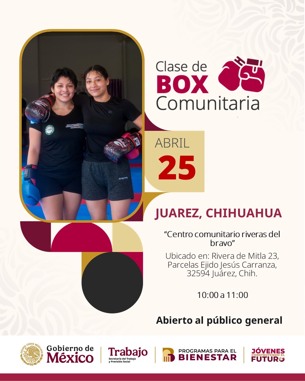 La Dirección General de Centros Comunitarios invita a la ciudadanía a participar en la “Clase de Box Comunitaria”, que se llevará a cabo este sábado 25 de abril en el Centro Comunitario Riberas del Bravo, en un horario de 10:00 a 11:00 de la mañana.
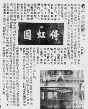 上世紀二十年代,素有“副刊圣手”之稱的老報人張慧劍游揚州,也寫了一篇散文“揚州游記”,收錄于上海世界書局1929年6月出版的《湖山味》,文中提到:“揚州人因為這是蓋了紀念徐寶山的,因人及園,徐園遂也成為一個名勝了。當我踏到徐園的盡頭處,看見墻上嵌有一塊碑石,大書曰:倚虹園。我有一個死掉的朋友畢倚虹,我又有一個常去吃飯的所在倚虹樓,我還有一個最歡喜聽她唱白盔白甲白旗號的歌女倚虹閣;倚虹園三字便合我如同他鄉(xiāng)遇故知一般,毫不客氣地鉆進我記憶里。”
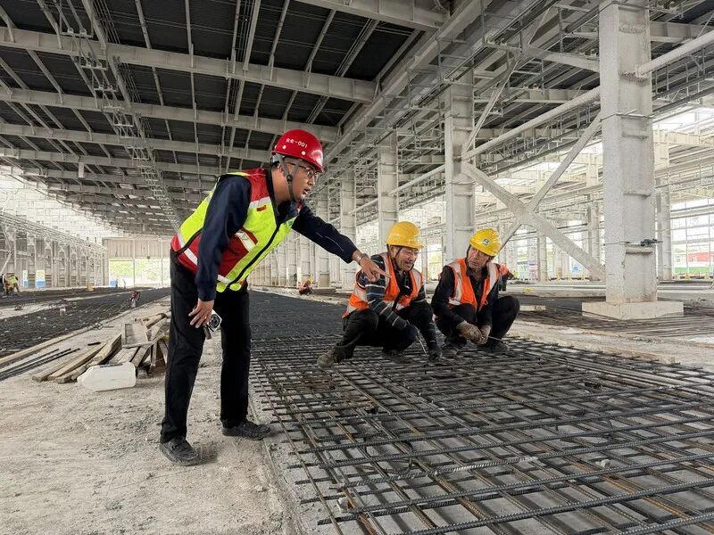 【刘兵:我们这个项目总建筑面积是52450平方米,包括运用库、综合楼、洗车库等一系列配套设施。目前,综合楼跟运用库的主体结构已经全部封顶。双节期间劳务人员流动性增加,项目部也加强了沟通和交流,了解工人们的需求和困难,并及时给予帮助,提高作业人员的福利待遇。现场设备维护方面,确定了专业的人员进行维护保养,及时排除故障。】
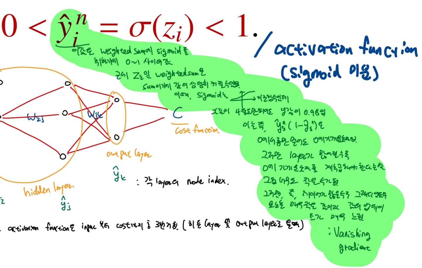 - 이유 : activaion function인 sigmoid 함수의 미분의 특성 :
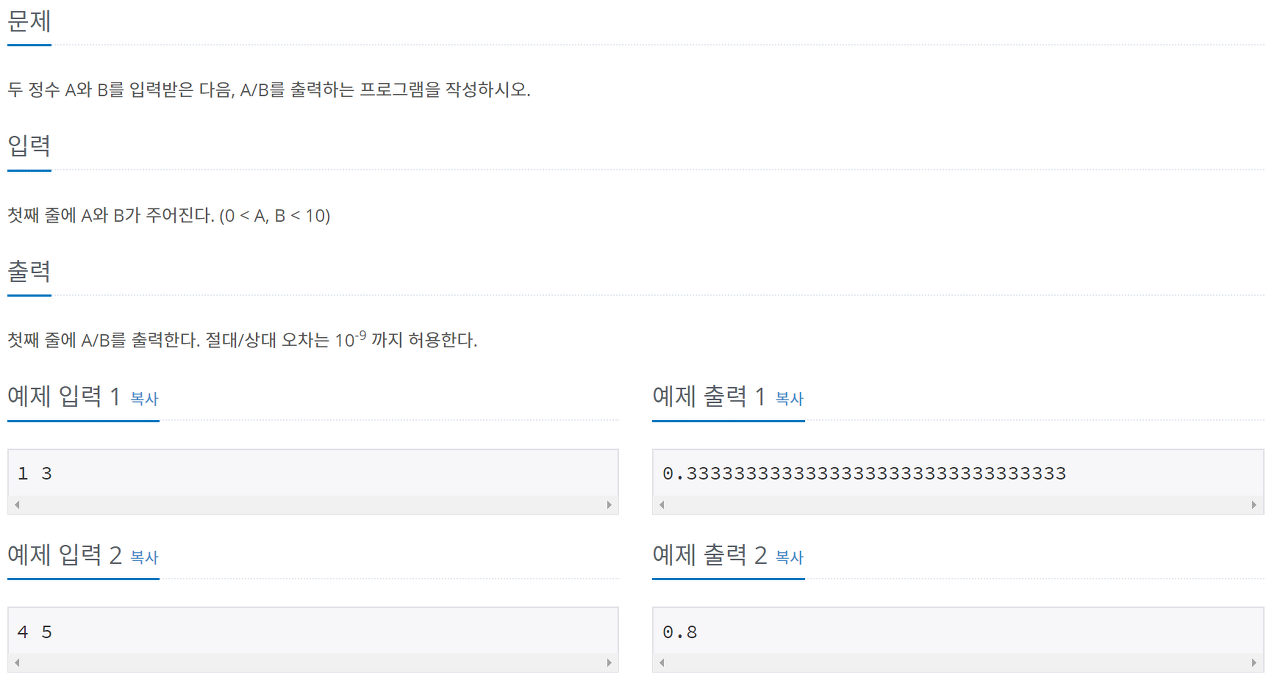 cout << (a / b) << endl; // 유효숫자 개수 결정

PROBLEM TO WORK ON>
Please write the data out again exactly, but do not carry over the pictures.

ANSWER TO THIS PROBLEM>
 La Dirección General de Centros Comunitarios invita a la ciudadanía a participar en la “Clase de Box Comunitaria”, que se llevará a cabo este sábado 25 de abril en el Centro Comunitario Riberas del Bravo, en un horario de 10:00 a 11:00 de la mañana.
 上世紀二十年代,素有“副刊圣手”之稱的老報人張慧劍游揚州,也寫了一篇散文“揚州游記”,收錄于上海世界書局1929年6月出版的《湖山味》,文中提到:“揚州人因為這是蓋了紀念徐寶山的,因人及園,徐園遂也成為一個名勝了。當我踏到徐園的盡頭處,看見墻上嵌有一塊碑石,大書曰:倚虹園。我有一個死掉的朋友畢倚虹,我又有一個常去吃飯的所在倚虹樓,我還有一個最歡喜聽她唱白盔白甲白旗號的歌女倚虹閣;倚虹園三字便合我如同他鄉(xiāng)遇故知一般,毫不客氣地鉆進我記憶里。”
 【刘兵:我们这个项目总建筑面积是52450平方米,包括运用库、综合楼、洗车库等一系列配套设施。目前,综合楼跟运用库的主体结构已经全部封顶。双节期间劳务人员流动性增加,项目部也加强了沟通和交流,了解工人们的需求和困难,并及时给予帮助,提高作业人员的福利待遇。现场设备维护方面,确定了专业的人员进行维护保养,及时排除故障。】
 - 이유 : activaion function인 sigmoid 함수의 미분의 특성 :
 cout << (a / b) << endl; // 유효숫자 개수 결정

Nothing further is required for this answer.